NVIDIA Linux drivers, PowerMizer, Coolbits, Performance Levels and GPU fan settings

Whew, I know that’s a long title for a post, but I wanted to make sure that I mentioned every term so that people having the same problem could readily find the post that explains what solved it for me. For some time now (ever since the 346.x series [340.76, which was the last driver that worked for me, was released on 27 January 2015]), I have had a problem with the NVIDIA Linux Display Drivers (known as nvidia-drivers in Gentoo Linux). The problem that I’ve experienced is that the newer drivers would, upon starting an X session, immediately clock up to Performance Level 2 or 3 within PowerMizer.

Before using these newer drivers, the Performance Level would only increase when it was really required (3D rendering, HD video playback, et cetera). I probably wouldn’t have even noticed that the Performance Level was changing, except that it would cause the GPU fan to spin faster, which was noticeably louder in my office.
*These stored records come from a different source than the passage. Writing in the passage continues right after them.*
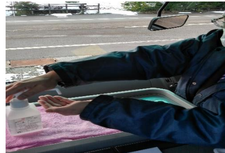
【7. 利用者乗降支援後の手指消毒】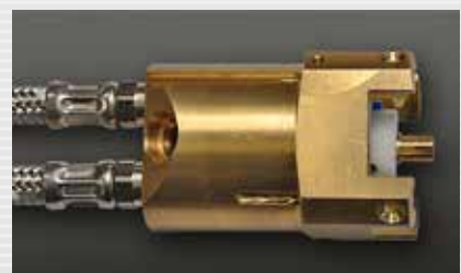
Kartuschenanschluss cartridge connection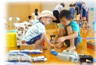
プラレールやさん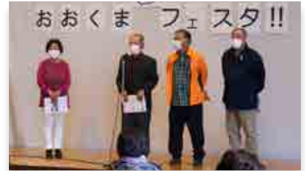
大熊町老人クラブ連合会

町社会福祉協議会主催の町民交流会「つながっぺ！おおくまミニフェスタ」が11月16日、いわき市の新舞子ハイツで開催され、町民約60人が参加しました。

After scouring the interwebs, I found that I was not the only person to have this problem. For reference, see this article, and this one about locking to certain Performance Levels. However, I wasn’t able to find a solution for the exact problem that I was having. If you look at the screenshot below, you’ll see that the Performance Level is set at 2 which was causing the card to run quite hot (79°C) even when it wasn’t being pushed.

NVIDIA Linux drivers stuck on high Performance Level in Xorg
Click to enlarge

It turns out that I needed to add some options to my X Server Configuration. Unfortunately, I was originally making changes in /etc/X11/xorg.conf, but they weren’t being honoured. I added the following lines to /etc/X11/xorg.conf.d/20-nvidia.conf, and the changes took effect:


Section "Device"
     Identifier    "Device 0"
     Driver        "nvidia"
     VendorName    "NVIDIA Corporation"
     BoardName     "GeForce GTX 470"
     Option        "RegistryDwords" "PowerMizerEnable=0x1; PowerMizerDefaultAC=0x3;"
EndSection

The portion in bold (the RegistryDwords option) was what ultimately fixed the problem for me. More information about the NVIDIA drivers can be found in their README and Installation Guide, and in particular, these settings are described on the X configuration options page. The PowerMizerDefaultAC setting may seem like it is for laptops that are plugged in to AC power, but as this system was a desktop, I found that it was always seen as being “plugged in to AC power.”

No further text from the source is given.